====== Provided material ======
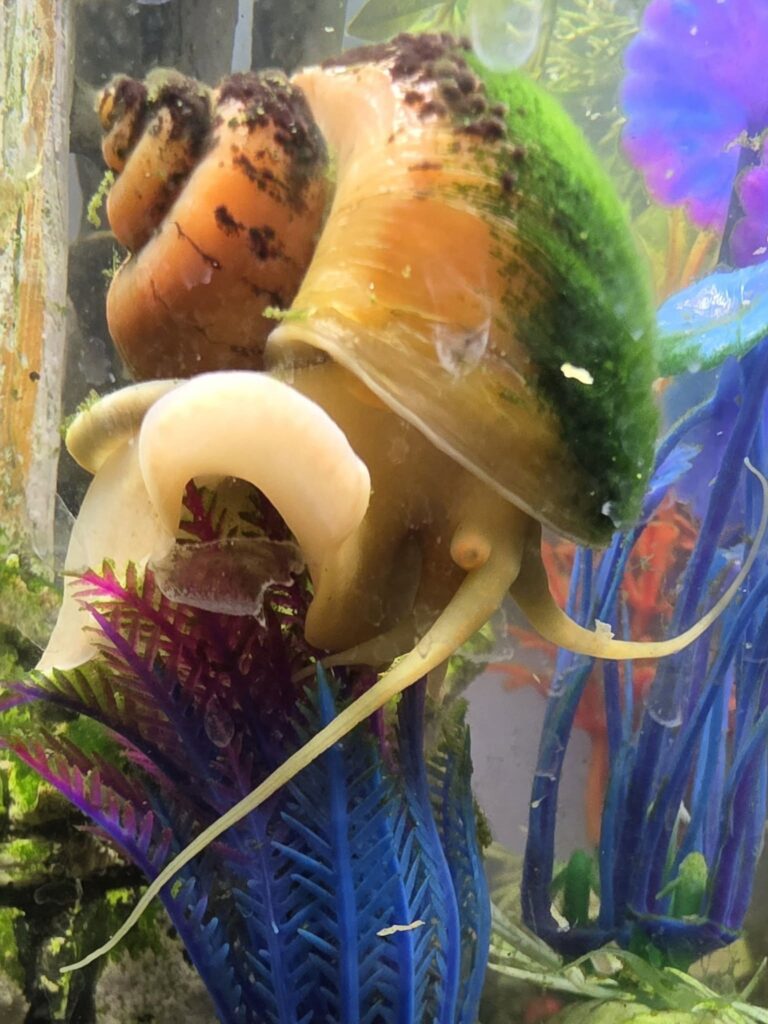 The shell of your mystery snail is its protective casing. A study by Anna Galewska and Tomasz Niemiec found that “Snail shells contain from 95% to 99% calcium carbonate from calcite and argonite crystals.”1
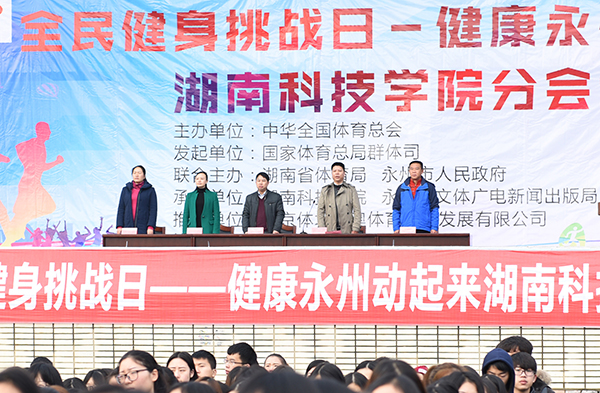 我校副校长李常健、程智开,体育学院院长刘根发,市文体广新局副调研员赵红萍,零陵区文体新局党组副书记、副局长欧阳波夫等领导一同与师生们“舞动”起来,共话健康话题。
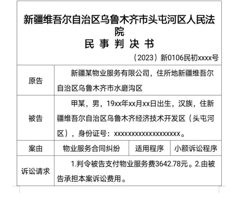 該院審理后認為,雙方對合同均無異議,僅對物業服務收費存在分歧。鑒于該案件事實清楚、權利義務關系明確、爭議不大,承辦法官適用“表格式”判決書,讓判決內容一目了然。
======
Problem to work on
Print the listing word for word, but omit the pictures.

The completed task
 The shell of your mystery snail is its protective casing. A study by Anna Galewska and Tomasz Niemiec found that “Snail shells contain from 95% to 99% calcium carbonate from calcite and argonite crystals.”1
 我校副校长李常健、程智开,体育学院院长刘根发,市文体广新局副调研员赵红萍,零陵区文体新局党组副书记、副局长欧阳波夫等领导一同与师生们“舞动”起来,共话健康话题。
 該院審理后認為,雙方對合同均無異議,僅對物業服務收費存在分歧。鑒于該案件事實清楚、權利義務關系明確、爭議不大,承辦法官適用“表格式”判決書,讓判決內容一目了然。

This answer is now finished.